Sleep disordered breathing in bronchopulmonary dysplasia

Abstract

Background: There are limited data on the effect of bronchopulmonary dysplasia (BPD) on sleep disordered breathing (SDB). We hypothesized that both the severity of prematurity and BPD would increase the likelihood of SDB in early childhood. Our secondary aim was to evaluate the association of demographic factors on the development of SDB.

Methods: This is a retrospective study of patient factors and overnight polysomnogram (PSG) data of children enrolled in our BPD registry between 2008 and 2015. Association between PSG results and studied variables was assessed using multiple linear regression analysis.

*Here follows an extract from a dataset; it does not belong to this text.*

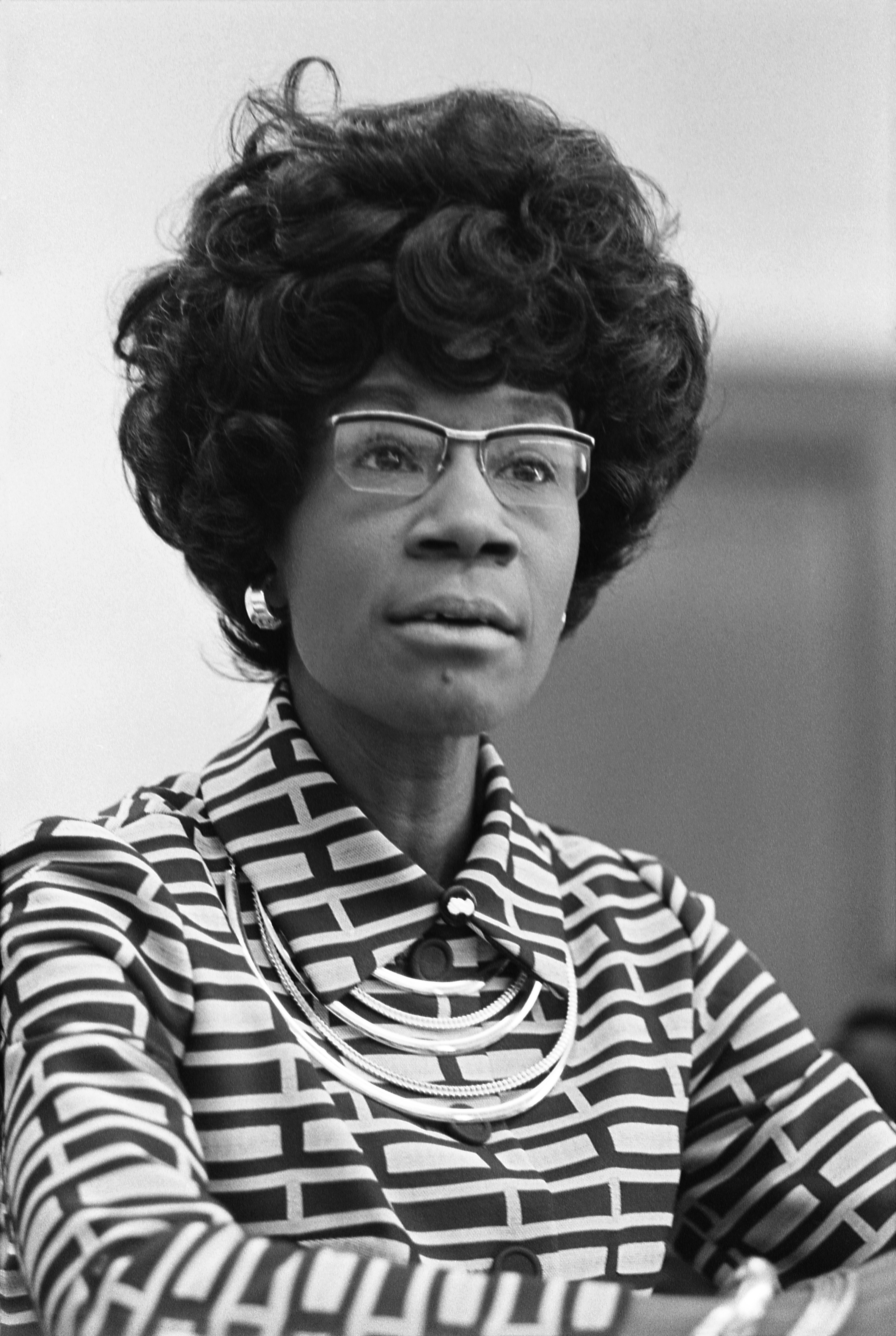 Shirley Chisholm, future member of the U.S. House of Representatives (D-NY), announcing her candidacy.

Results: One-hundred-forty children underwent at least one sleep study on room air. The mean respiratory disturbance index (RDI) was elevated at 9.9 events/hr (SD: 10.1). The mean obstructive apnea-hypopnea index (OAHI) was 6.5 (9.1) events/hr and the mean central event rate of 3.0 (3.7) events/hr. RDI had decreased by 22% or 1.5 events/hour (95%CI: 0.6, 1.9) with each year of age (P = 0.005). Subjects with more severe respiratory disease had 38% more central events (P = 0.02). Infants exposed to secondhand smoke had 2.4% lower (P = 0.04) oxygen saturation nadirs and a pattern for more desaturation events. Non-white subjects were found to have 33% higher OAHI (P = 0.05), while white subjects had a 61% higher rate of central events (P < 0.001).

Conclusions: RDI was elevated in a selected BPD population compared to norms for non-preterm children. BPD severity, smoke exposure, and race may augment the severity of SDB. RDI improved with age but was still elevated by age 4, suggesting that this population is at risk for the sequelae of SDB.

Keywords: Sleep Apnea syndromes; polysomnogram; premature infants; sleep.

Figure 1

Subject Selection Flow Diagram. Genetic and congenital disorders excluded from analysis (N=7) include: 15q13 Deletion, Achondroplasia, DiGeorge Syndrome, Myotonic Dystrophy, Ehlers-Danlos Syndrome, Trisomy 21, and an Unidentified Genetic Disorder

Figure 2

RDI as a Function of Age. Each dot represents an individual subject’s first sleep study done completely off of oxygen (N=140). Dashed line represents multiple linear regression model (r=0.24; p=0.005) controlling for the geometric mean for gestational age (26.2 weeks).

Figure 3

Differences in Respiratory Events Between Caregiver-Identified Race. Lines represent regression models based on logarithmic transformation of respiratory events across age, controlling for gestational age and comparing between race. A: No significant difference in RDI between whites and non-whites (p=0.80). B: Whites have a significantly lower OAHI (r=0.23, p=0.05) and higher CI (r=0.52, p<0.001) compared to non-whites.

Figure 4

Difference in Oxygen Nadir between Tobacco Exposure Status. Scatterplot showing distribution of nocturnal oxygen nadir across age amongst individual subjects’ first study off oxygen (N=140). Lines represent regression analysis controlling for gestational age (geometric mean: 26.2 weeks), showing a difference between smoke exposed and unexposed children (r=0.29; p=0.035).